Awaiting a golden moment

In 1765, Jassa Singh Ahluwalia defeated Afghan invader Ahmad Shah Abdali in the Battle of Amritsar and established the Katra Ahluwalia, a self-sufficient, small neighbourhood. “Such neighbourhoods were a common feature in the city,” says heritage architect Gurmeet Rai. Like the Har Mandir Sahib and the other sarovars of Amritsar, the katras were also made of the Nanakshahi bricks—thin, long, red blocks mostly found in Amritsar and Lahore; and named after Guru Nanak.

Ahluwalia also constructed the Ahluwalia fort to safeguard his katra. The divine, however, is ever-present here; the Udasin Ashram Akhara Sanglawala, founded in 1771 remains a place for ascetics to meditate. The slow march of change eventually led from the idyll to commerce; in the 1900s, Marwari businessmen transformed the fort into a residence-cum-business precinct. “Their gaddis (seats) and shops were placed in the front of the building and residences were at the back and on the upper floors,” says Balvinder Singh, former architecture professor of Guru Nanak Devv University.

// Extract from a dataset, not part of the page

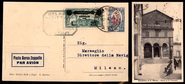 Zeppelin - 20 lire (16 - Aerea) + complementare su cartolina per Milano del 26.5.33 (2.000)

Amritsar’s built heritage is the last remnant of the city’s eventful past, holding its ground amid the chaos of haggling tourists, cycle rickshaw bells and the smell of fried snacks. “It’s fascinating to see the many narratives of Amritsar; of the Afghans, Sikhs and English in the city’s old buildings,” says Rai, who worked on restoring the Golden Temple on the now revamped Heritage Street.